The light is everywhere.

Rubin's reeling body is seized by the jelly and thrust against the submersible as Weaver tries to flee. The organism is coming at her from both sides, from all directions simultaneously, above and below. It pushes up to the boat, wrapping itself round Rubin, solidifying, and Weaver screams—

The boat has been released.

The jelly withdraws as fast as it approached. It backs right off. If any human emotion could be used to approximate the collective's reaction, it would be dismay.

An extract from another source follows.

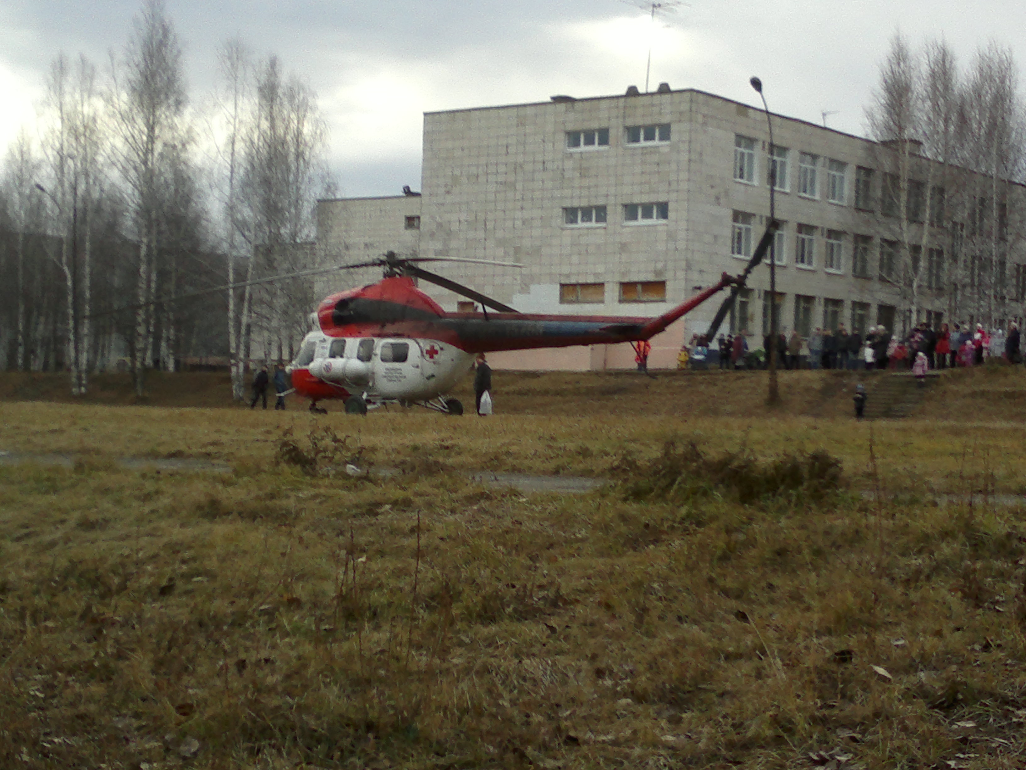 Скорая подъехала к вертолёту, открывали двери и у вертолёта и у скорой. Больше ничего видно не было, вертолёт близко окружили дети разных возрастов.

Weaver realises that she's whimpering.

The blue glow still surrounds her. Blurred lightning scuds through the mass of jelly, which walls in the boat like an enormous rampart, stretching up as far as she can see. She turns her head and looks into Rubin's crushed face, faintly illuminated by the lights on the control panel. The contracting jelly has squashed him against the side of the view dome, and he stares at her through two dark holes. Hydrostatic pressure has forced out his eyeballs. Dark fluid seeps out of the cavities, then the body detaches itself slowly from the boat and falls into the night. Now he is just a shadow against the illuminated backdrop, body spinning in curious movements as though he were dancing slowly and awkwardly in honour of some heathen God.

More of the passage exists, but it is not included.